Reflections on an Incredible Mirrored Building in the Saudi Arabian Desert

Maraya is a surreal structure in northwestern Saudi Arabia
Maraya is a surreal structure in northwestern Saudi Arabia | © AlUla
A surreal structure in northwestern Saudi Arabia has been wowing visitors ever since it claimed the title of the world’s largest mirrored building. Culture Trip goes beyond the looking glass to reflect on this engineering marvel in the desert, and explores an exciting regeneration project in Saudi Arabia.

AlUla (known in Arabic as ٱلْعُلَا, ‎ al-ʿulā) is a recently established governorate in the Medina region of the Kingdom of Saudi Arabia. The area has a relatively unknown name, and remains largely unexplored by modern visitors, but AlUla is home to ancient dwellings, historic monuments and incredible natural wonders.
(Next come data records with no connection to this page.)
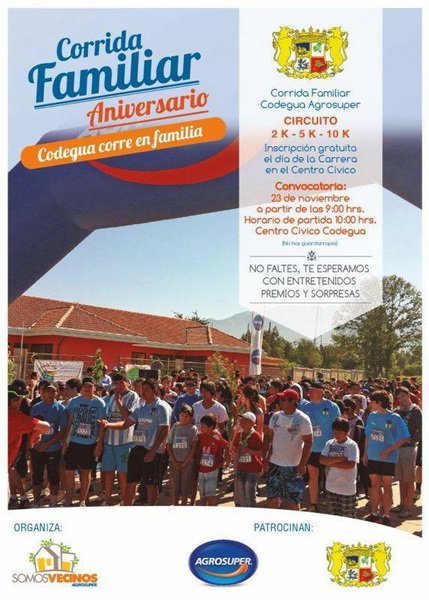 El próximo sábado 23 de noviembre desde las 8:30 de la mañana, en el Barrio cívico de Codegua se realizará la Gran Corrida Familiar Agrosuper 2013, patrocinada por el Municipio de Codegua y organizada en conjunto con la empresa Agrosuper.
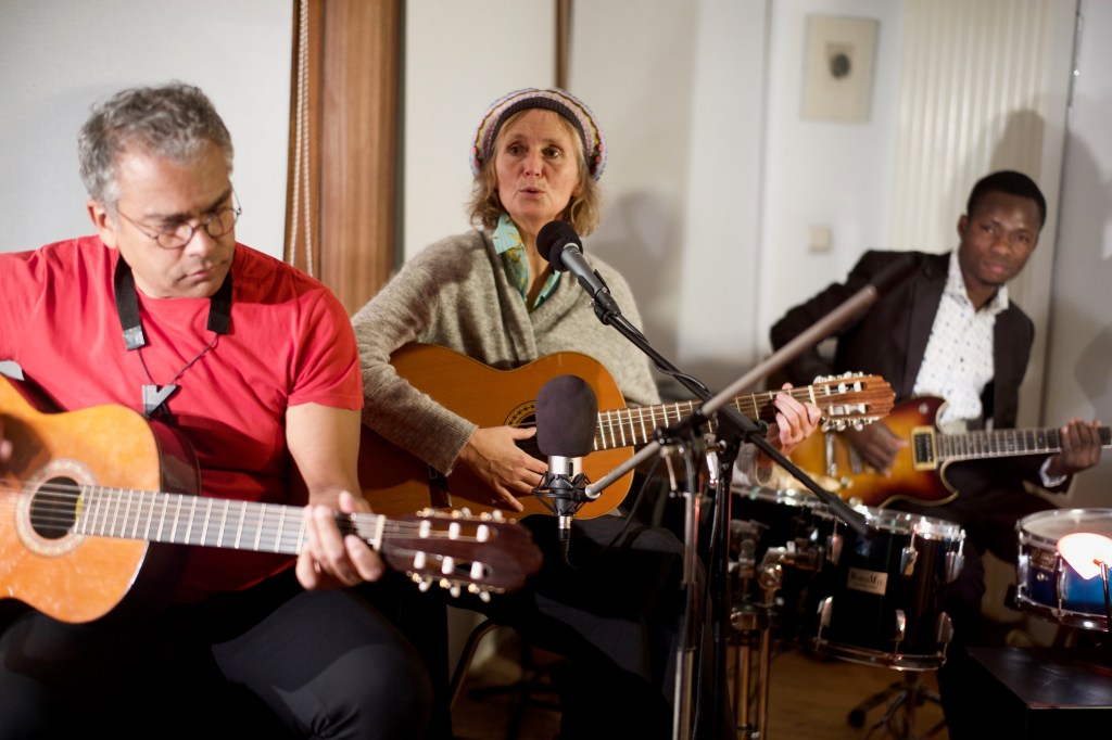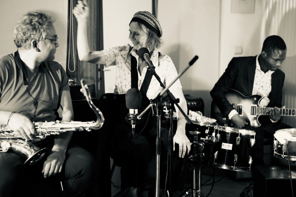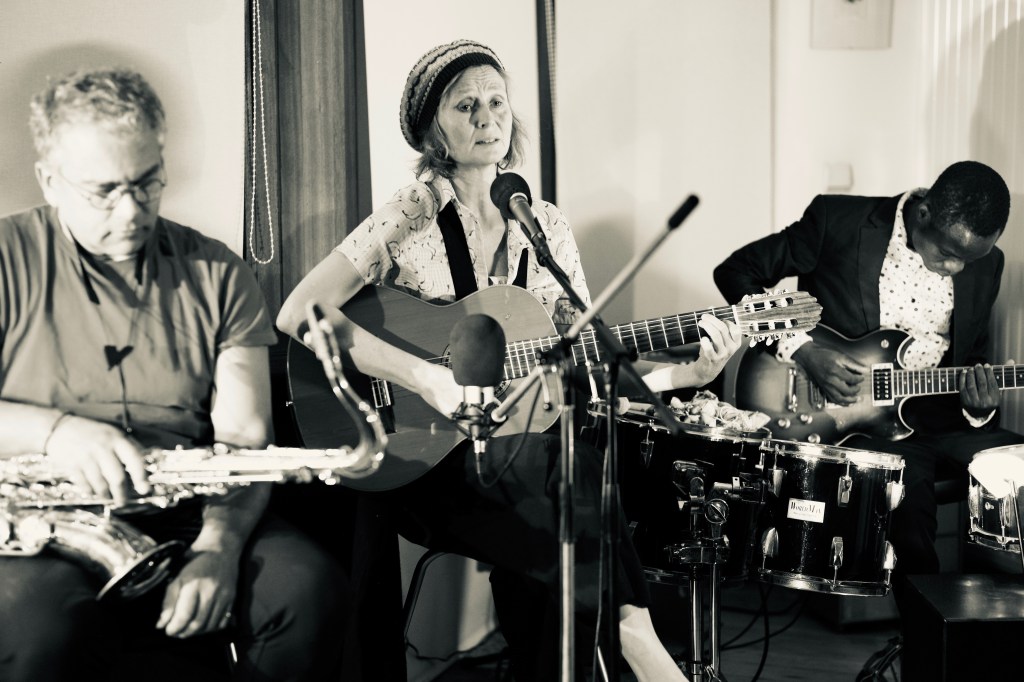 Mu (comédienne, metteuse en scène et auteure belge) ,Angelo Moustapha, le magnifique et sensible batteur béninois, multi instrumentiste, signe les arrangements des chansons de Mu autour de ce projet et d’autres projets musicaux et théâtraux qu’ils concoctent ensemble. Il accompagnera Mu à la guitare, au ukulele et aux percussions pendant les concerts.
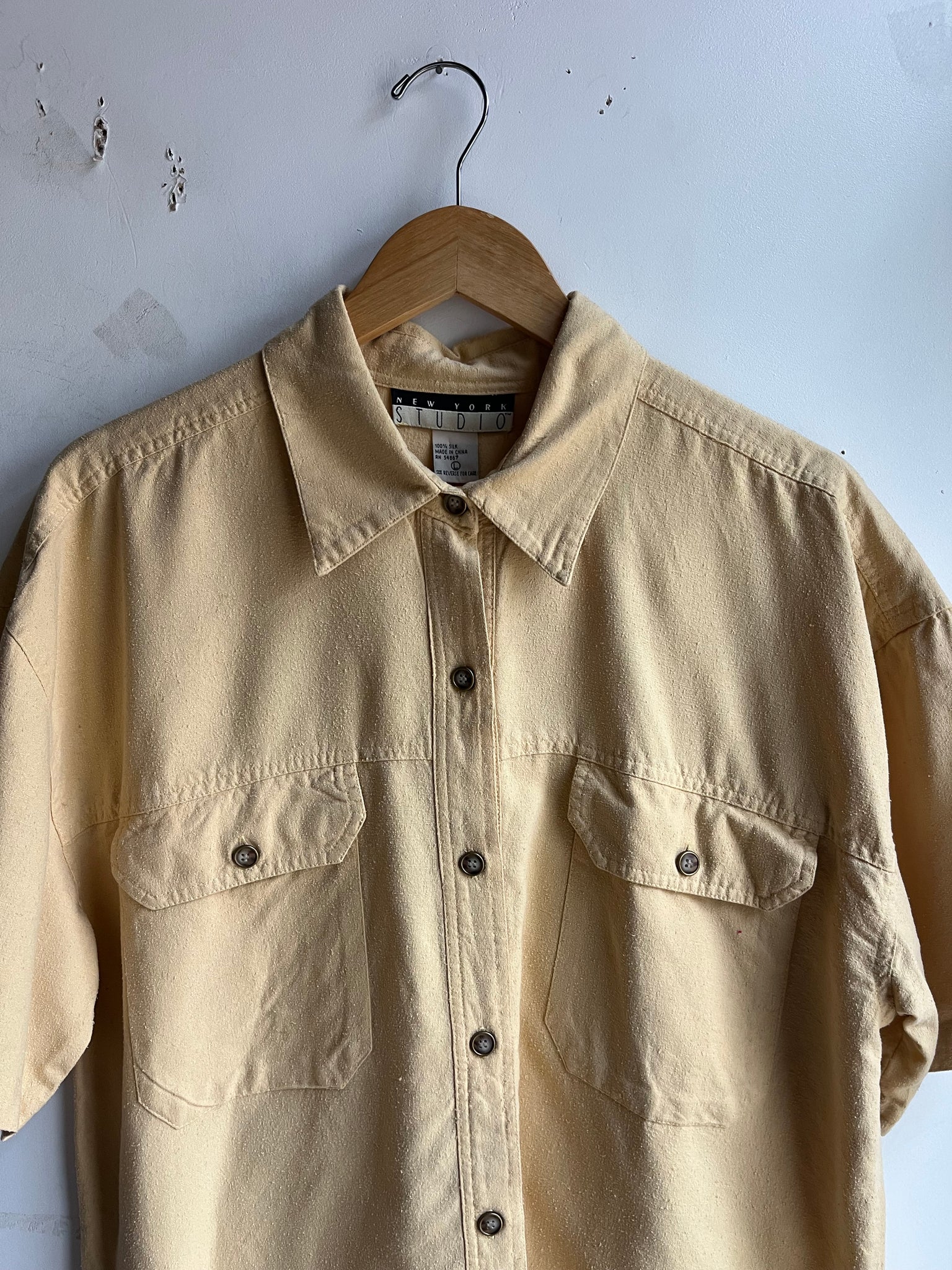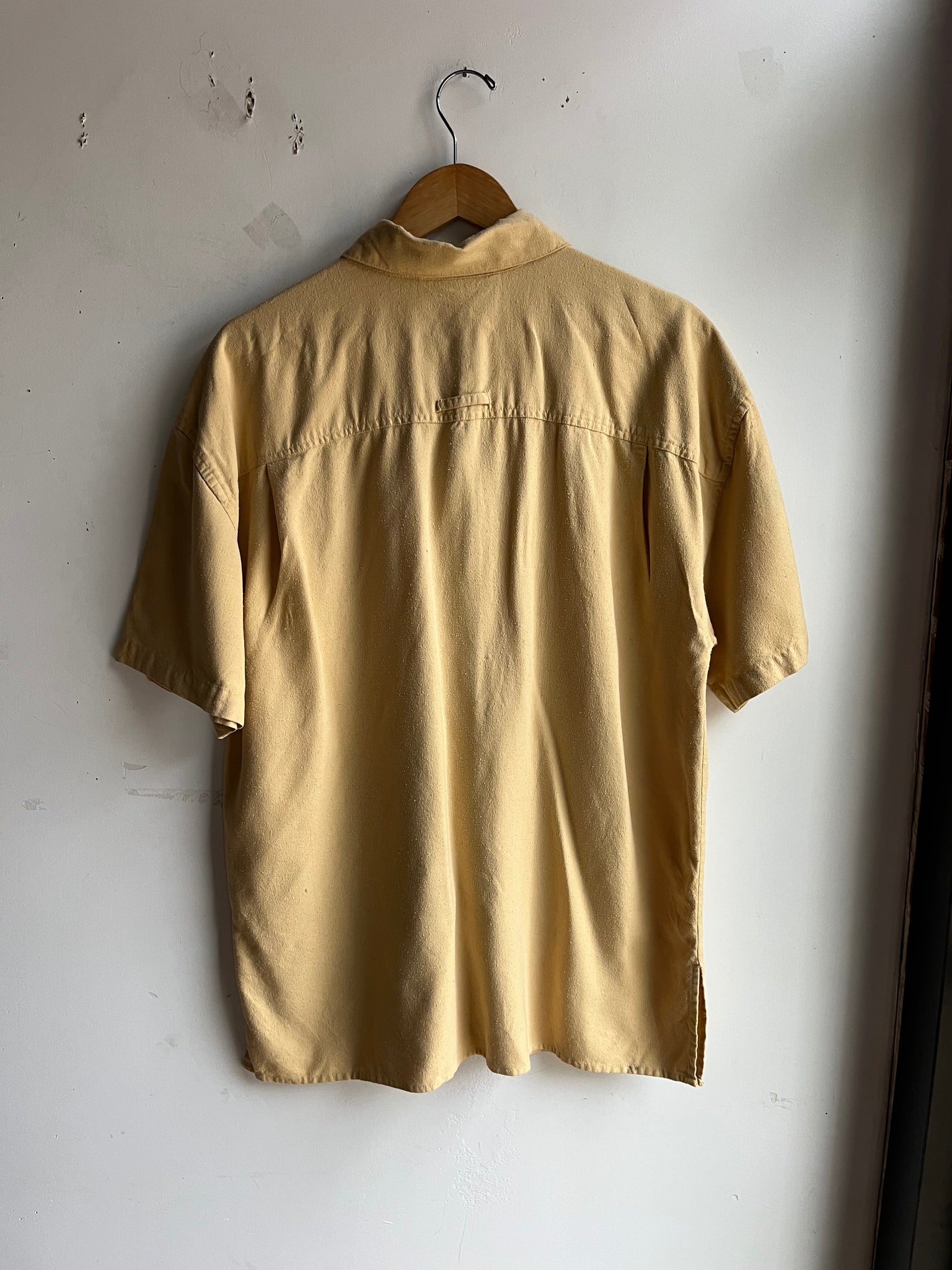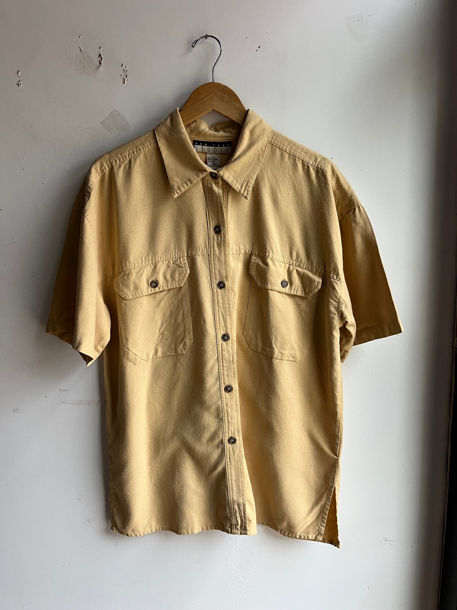 90s Mustard Raw Silk Button Down Top

In 2017 a Royal Commission for AlUla was established to maintain the historic sites in the area, as well as to develop a new vision aimed at tourists, as part of the a bigger plan for Saudi Arabia. The 2030 project aims to turn the country into one of the best destinations to visit by the end of the decade, and one of the first projects to be completed as part of the regeneration, Maraya, has already become a huge success.

Maraya, which, unsurprisingly, comes from the Arabic word for mirrors, is a huge multipurpose concert hall. The building is made from 9740sqm (10,4841sqft) of mirrored glass and sits in an isolated location that makes the most of the surrounding environment. Part of the design, which was realised by Milanese firm Gio Forma, is deliberately constructed in a way that hides its facade and makes the building blend with the landscape around it.

The name Maraya comes from the Arabic word for mirrors © AlUla

Standing at 26m (85ft) high, the venue also has a huge retractable window that opens out, in order to incorporate the desert environment into the entertainment experience. As a testament to the incredible effect Maraya has on visitors, the building recently picked up the popular choice award in the Architecture + Glass category on the prestigious website. The building has also been used for film projects, and in commercials for brands such as Rolls-Royce and Cartier.

This landscape has inspired ambitious architects for thousands of years. Ancient Nabataean civilisations once ran an incense route through the region and have left stunning ruins carved into nearby stone and rock. These are similar to the better-known landmarks of Petra in Jordan, although very few visitors from outside Saudi Arabia have seen them in person.

The multipurpose venue appears to blend with the landscape © AlUla

International tourism is a big part of the plans for AlUla in the future. A number of hotels and resorts are being built in the area, with environmental sustainability being a prerequisite of all the designs. Local people are set to serve as guides to the area, again ensuring a holistic approach to putting AlUla on the tourist map.

As for Maraya itself, the venue has already hosted concerts by musicians from around the world, including the Winter at Tantora festival, at which concerts and other activities are held at Maraya over several weekends. Although plans for 2020 have been put on hold, like so many others this year, the area is planning to open to tourists by the end of the year.

Maraya is planning to reopen to tourists by the end of 2020 © AlUla

You can get to Maraya in the historic Ashar Valley by car. Prince Abdul Majeed Bin Abdulaziz Domestic Airport (ULH) is 35km (22mi) from AlUla, and has regular flights from Riyadh, Jeddah and Dammam.